**Aim of the task**
Please retype the records below exactly, from the first line through the line containing "Titan Arum, uno", and leave out any pictures.

Source records

========================================

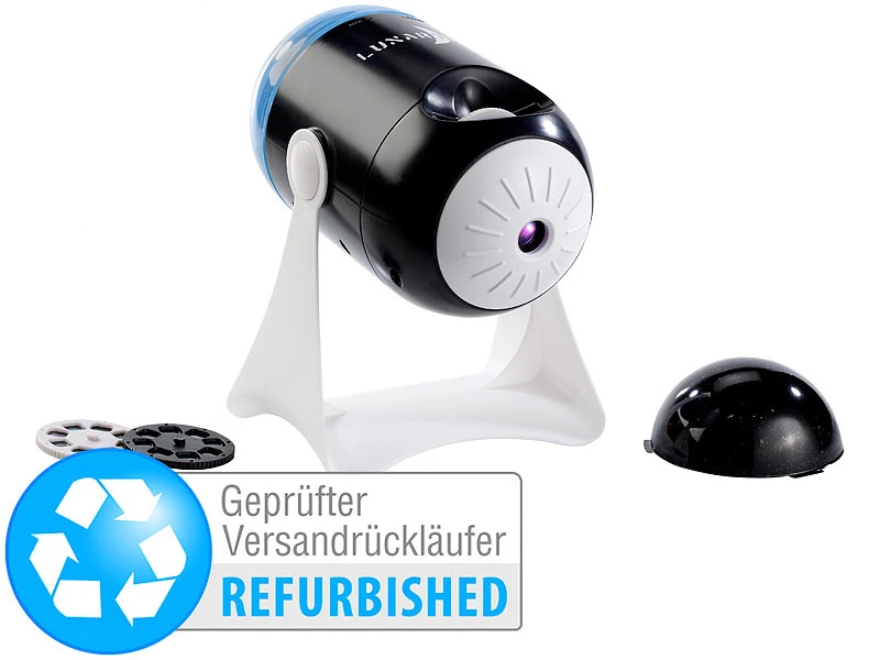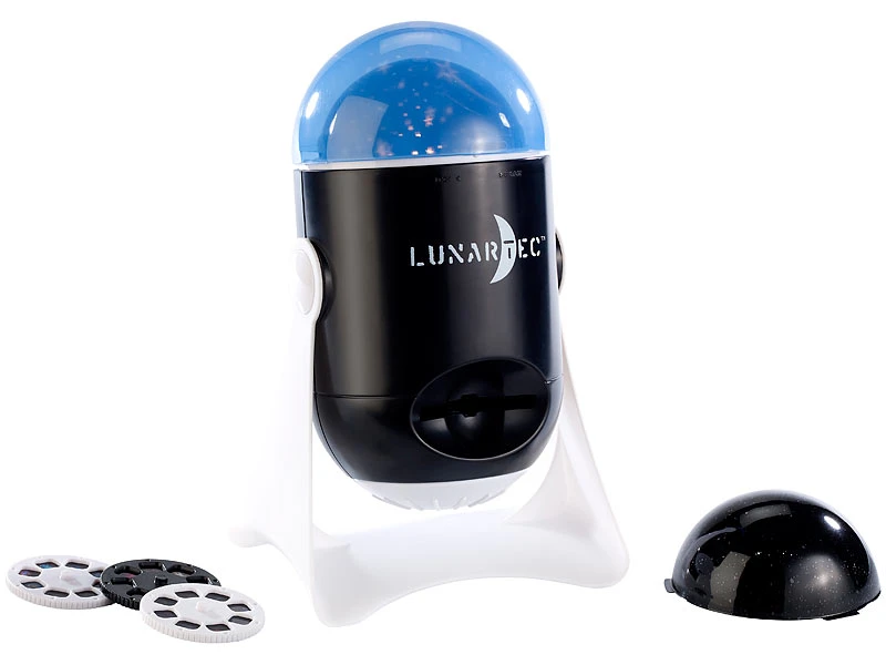 Dank des 360° rotierenden Ganzkuppelprojektors projizieren Sie den traumhaften Sternenhimmel an Zimmerdecke und -wände. Entweder realistisch, mit vielen Lichtpunkten, oder wie gemalt mit Sternschnuppen, Monden und fernen Galaxien.
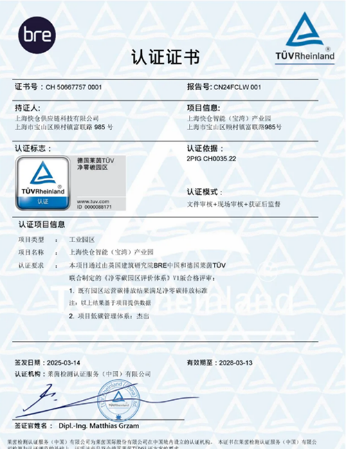 此次獲得的“凈零碳園區(qū)認(rèn)證”已在國家認(rèn)證認(rèn)可監(jiān)督管理委員會(huì)(CNCA)備案,是國內(nèi)建筑領(lǐng)域最具先進(jìn)性和權(quán)威性的低碳標(biāo)準(zhǔn)之一,體現(xiàn)了快倉在智能制造與綠色發(fā)展的雙重創(chuàng)新能力。
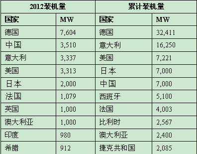 就2012年光伏裝機(jī)量以及累計(jì)裝機(jī)量而言,下表列出了全球十大光伏市場(chǎng):
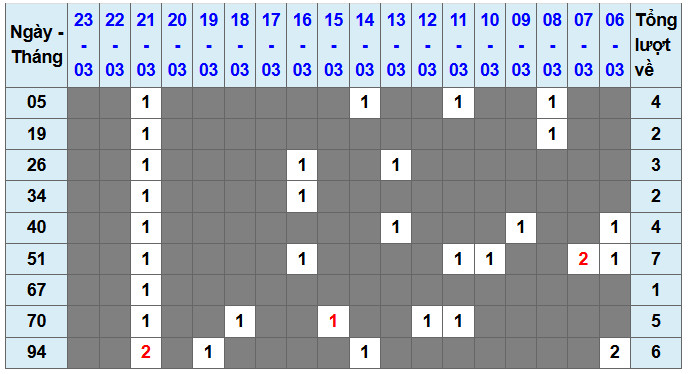 Các số đề chính xác đã ra được in màu ĐỎ – tính từ 01-03-2026
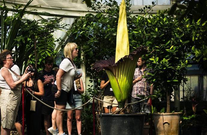 Titan Arum, uno dei fiori più grandi su Terra, recentemente fiorita nella serra principale di Gand Università in Belgio. L’altezza della pianta è di circa due metri e la massa supera i diciotto chilogrammi. Inoltre, in esemplari di tre metri che pesano di più si trovano allo stato brado quintale.
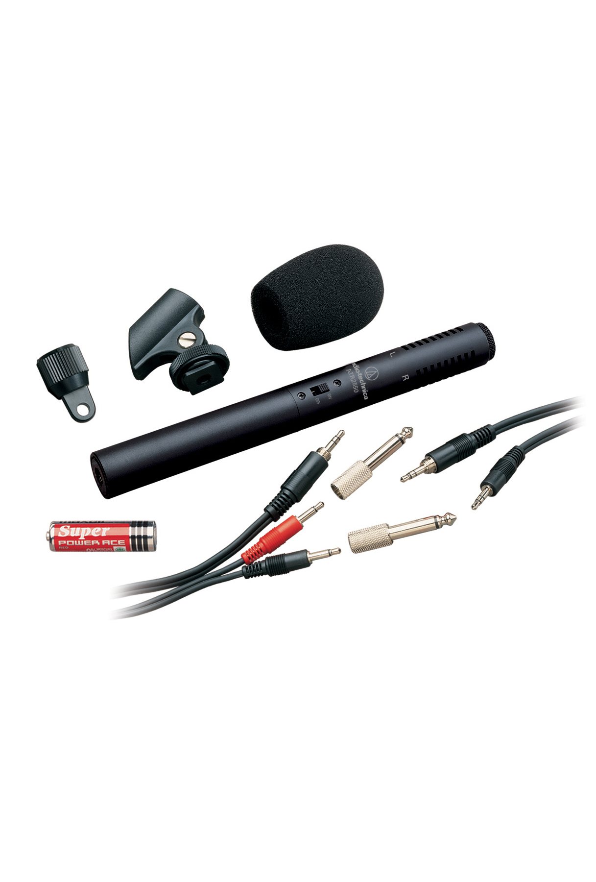 Двойная кардиоидная характеристика направленности Audio-Technica ATR6250 позволяет записать больше звуковой информации. В комплекте вы найдете крепление на камеру, адаптер на микрофонную стойку, два переходника 3,5 мм (1/8” Jack) – 6,3 мм (1/4” Jack), ветрозащиту, батарею типоразмера АА, а также два кабеля: короткий (0,2 м) со стереоразъемами 3,5 мм на обоих концах и длинный (3 м) с одним стереоразъемом 3,5 мм и двумя монофоническими 3,5 мм.
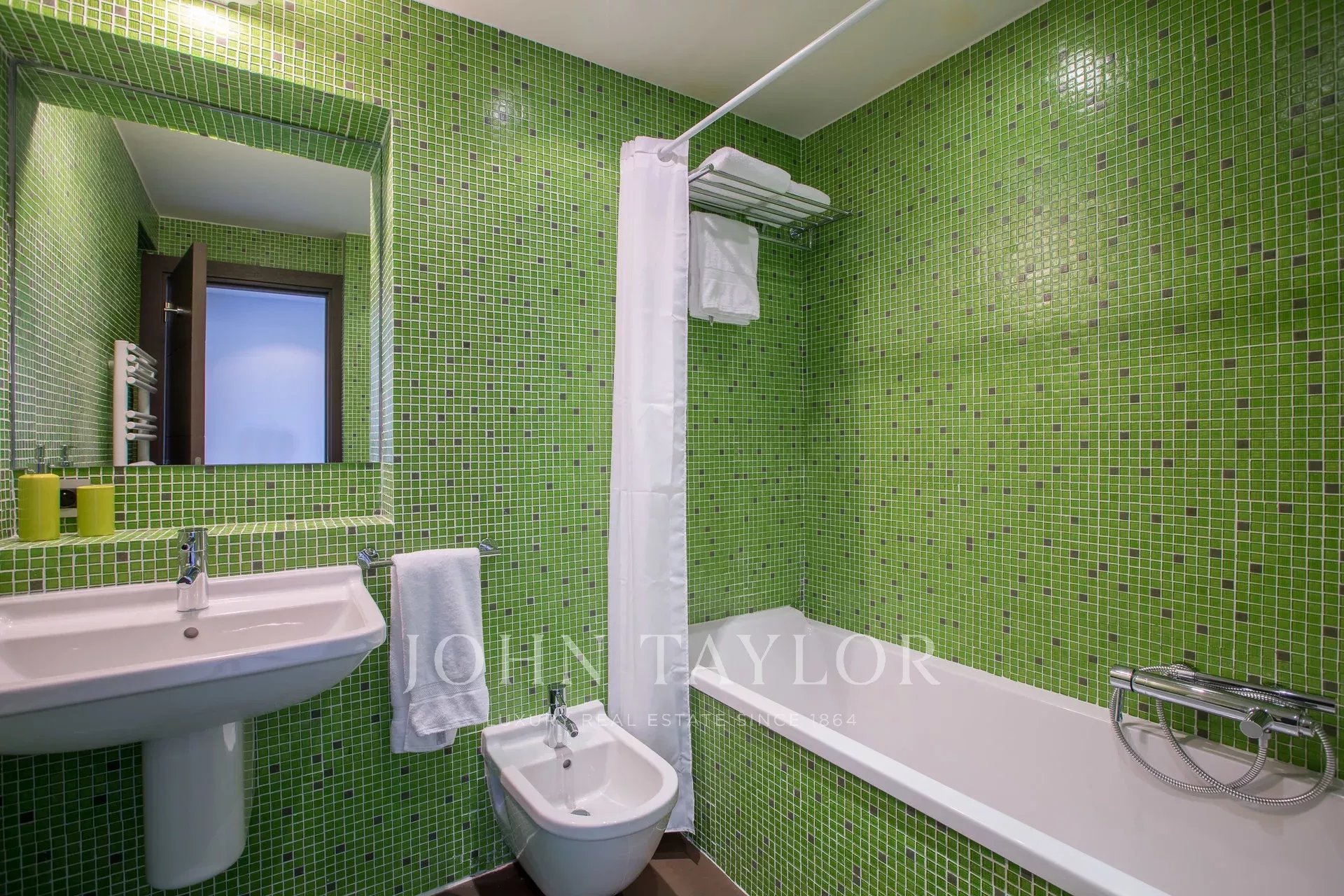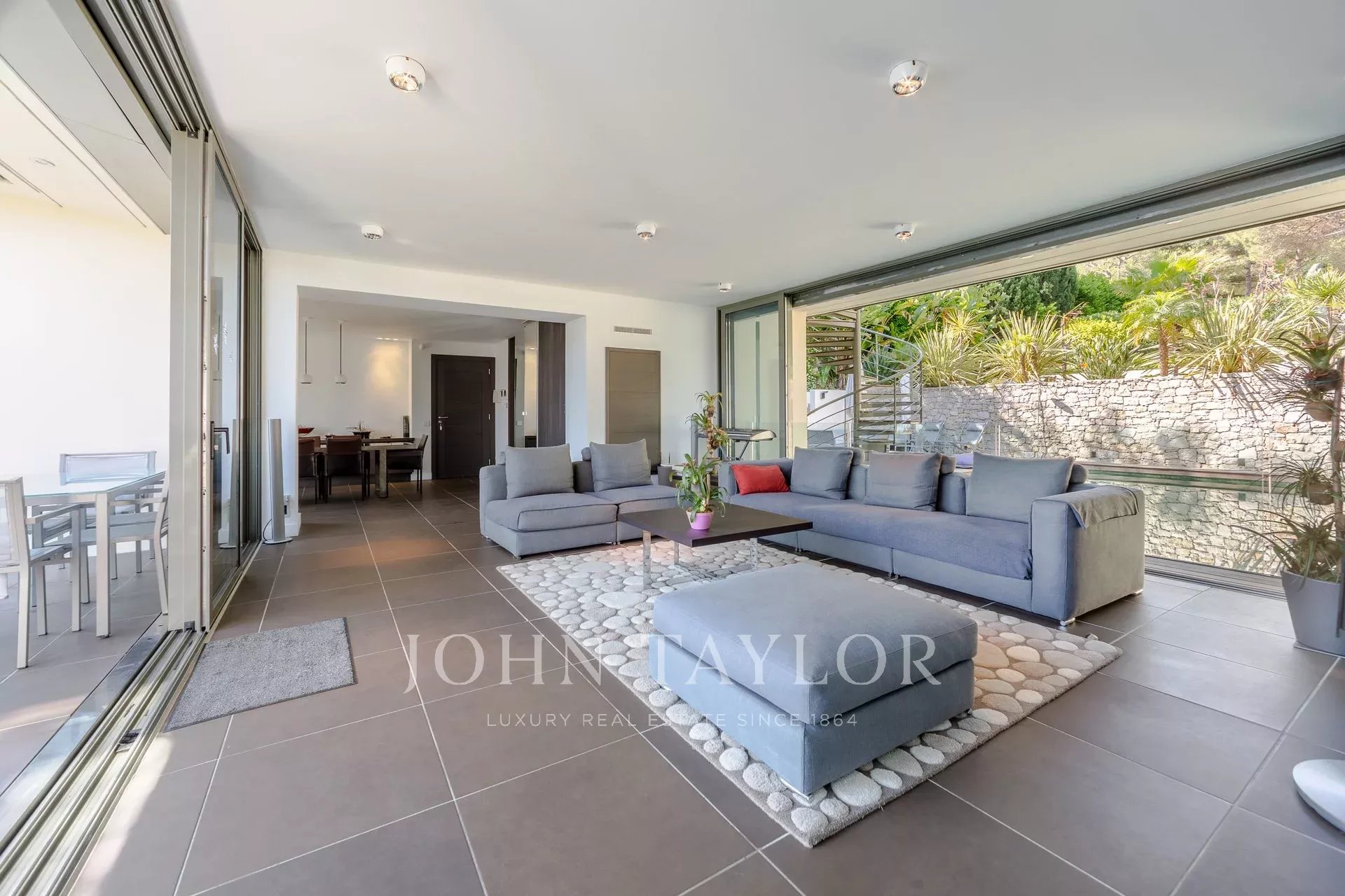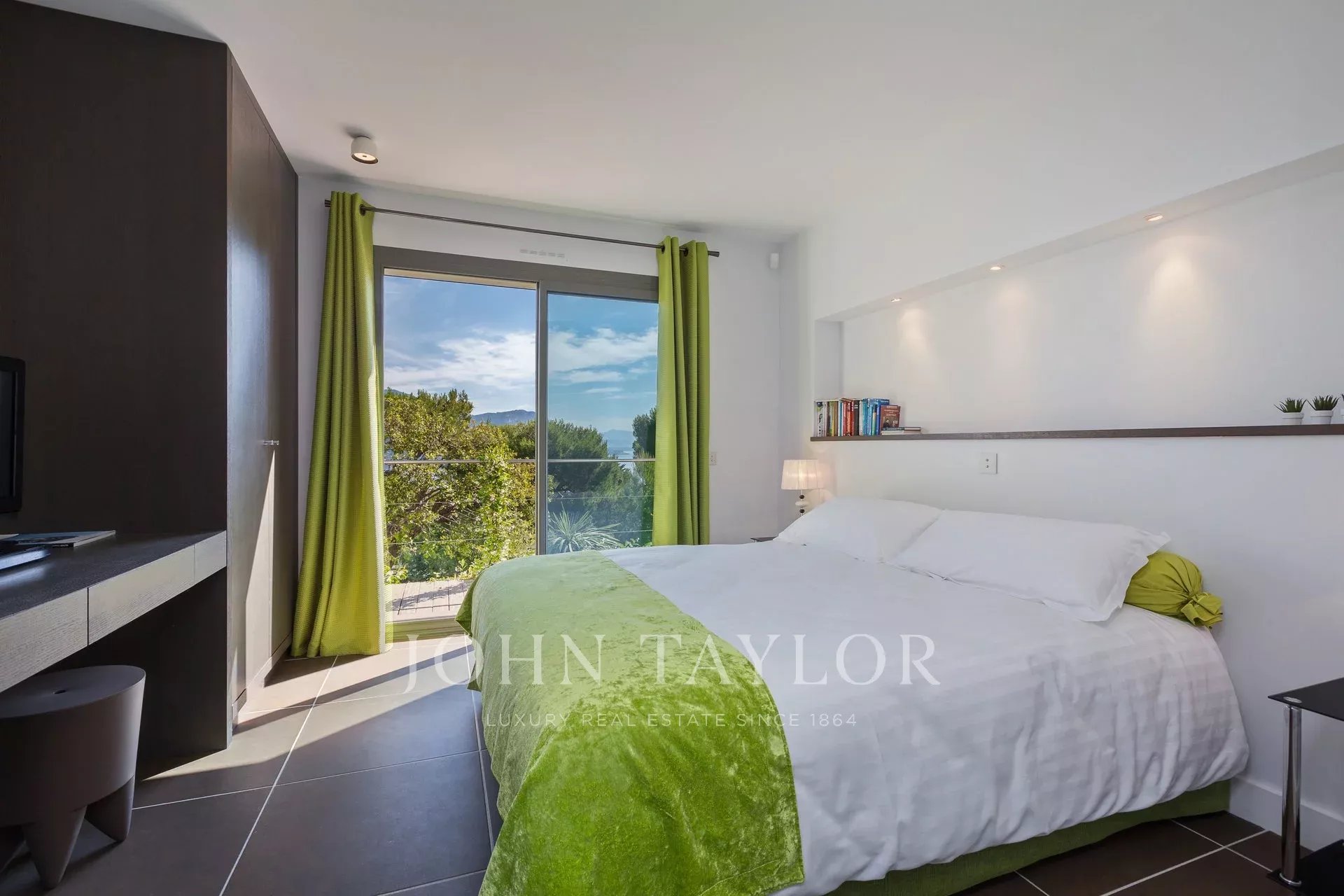 гостиной, столовой, полностью оборудованной кухни, пяти спален и пяти ванных комнат. Вилла полностью оснащена кондиционером. Бассейн с подогревом, сигнализация, парковка на 5-6 автомобилей.

========================================

**Solution**
 Dank des 360° rotierenden Ganzkuppelprojektors projizieren Sie den traumhaften Sternenhimmel an Zimmerdecke und -wände. Entweder realistisch, mit vielen Lichtpunkten, oder wie gemalt mit Sternschnuppen, Monden und fernen Galaxien.
 此次獲得的“凈零碳園區(qū)認(rèn)證”已在國家認(rèn)證認(rèn)可監(jiān)督管理委員會(huì)(CNCA)備案,是國內(nèi)建筑領(lǐng)域最具先進(jìn)性和權(quán)威性的低碳標(biāo)準(zhǔn)之一,體現(xiàn)了快倉在智能制造與綠色發(fā)展的雙重創(chuàng)新能力。
 就2012年光伏裝機(jī)量以及累計(jì)裝機(jī)量而言,下表列出了全球十大光伏市場(chǎng):
 Các số đề chính xác đã ra được in màu ĐỎ – tính từ 01-03-2026
 Titan Arum, uno dei fiori più grandi su Terra, recentemente fiorita nella serra principale di Gand Università in Belgio. L’altezza della pianta è di circa due metri e la massa supera i diciotto chilogrammi. Inoltre, in esemplari di tre metri che pesano di più si trovano allo stato brado quintale.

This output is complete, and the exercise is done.